Плечи зоги затряслись, голова рывками закивала и она пустилась в плач. «Вот оно, наконец, обычный детский плач, ревёт, как и все, а я то уже начал сомневаться, кто это передо мной — говорит совсем не как ребёнок, да и ведёт себя поразумнее моего», — подумал в этот момент Фён Звук Флейты. Он понаблюдал за плачущей девочкой, затем перевёл взгляд на полчище сползавшихся к ним слизней, шарящих щупальцами всё ближе и ближе. Ветер придвинулся к Зоге и погладил её по голове. Зеленовато золотистые волосы были мягче любого шёлка и словно развеивали вокруг себя пыльцу.

Не плачь, я не верю что это конец нашему с тобой путешествию, — заявил он, — раз уж я сюда попал, то был в том какой-то высший замысел. Не пропадём.

Девочка, всё ещё пуская слёзы, закивала головой, а затем посмотрела Фёну прямо в глаза. Он слегка смутился — до сих пор ему не доводилось видеть эти глаза так близко. Словно два сплошных отшлифованных камушка изумруда, в центре которых мерцали две серебряные звёздочки.

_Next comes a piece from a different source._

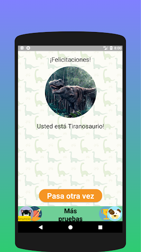 ¡La prueba presenta muchos dinosaurios, y uno de ellos definitivamente te quedará bien! ¡Esto no es un simulador! La prueba compara tus respuestas con los hábitos y el comportamiento de diferentes dinosaurios, y determina con quién de los dinosaurios tienes más coincidencias.

Она вдруг распрямила плечи, шмыгнула носом и задрала его.

И не собиралась я плакать, — выпалила она гордо, — мой дедушка знал, кого назначить вам в провожатые. Ну ка, закройте уши ладонями!

Ветер послушался и закрыл уши. Однако почти сразу опустил руки.

Ну что это ещё за игры? — усмехнувшись, спросил он.

Закройте уши ладонями, я сказала! И плотно, что бы ни звука не слышать. Если так не сделаете — станете глупым на всю жизнь. И все свои обязательства забудете!

Девочка говорила так пылко и уверенно, что Фён всё же повиновался. Тогда она отвернулась, и начала громко начитывать стих:


Явись, о, хранитель

Заблудших в пути

Веди по атласу

По шёлку веди

С морей приди жаром

С пустыни — волной

Открой свою дверцу

Дорогу открой





Повторив это четыре раза, она зажмурилась и хлопнула в ладоши. Затем потрепала Фёна по плечу. Тот убрал руки от ушей и пяткой ударил по щупальцу, уже достигшему его ноги. Появилось ещё одно, которое тоже получилось сбить. Но вскоре десяток извивающихся конечностей улиток горвинов ползли по камню в поисках жертвы.

Пошли туда! — девочка указала прямо перед собой.

Куда? — удивился Фён, — там же они! А до следующего камня мы не допрыгнем!

Поверьте мне. Лучше поверьте, ведь ничего не остаётся.

Они переглянулись, схватились за руки и прыгнули с камня прямо на колышущееся море горвиновских щупалец. Однако они не рухнули и не были подхвачены зловещими щупальцами. Звук Флейты почувствовал, как пространство перед ним становится упругим, словно он проваливался в дыру в стене, завешанную плакатом. Только вместо плаката была подвижная картина реальности. И вот эта реальность порвалась, как старая простыня, обрывки расползлись по сторонам, скрутившись в трубочки, а он и Зога вылетели в чёрную пустоту.

Фён успел оглянуться. Там, сзади, изрезанное серыми помехами пространство ещё показывало картины тянущихся щупалец и строй глаз улиток на полупрозрачных антеннах. Звуки, визг и свист ускорялись и раскручивались вокруг, зашивая молниеносной нитью дыру в реальности. Оба путника барахтались в пустоте.

Где мы? — спросил Ветер.

Это мой стишок подействовал, — весело ответила Зога откуда-то из темноты.

Ничего себе, стишок…

Только теперь надо определиться, куда отправиться, — сказала девочка уже серьёзным тоном.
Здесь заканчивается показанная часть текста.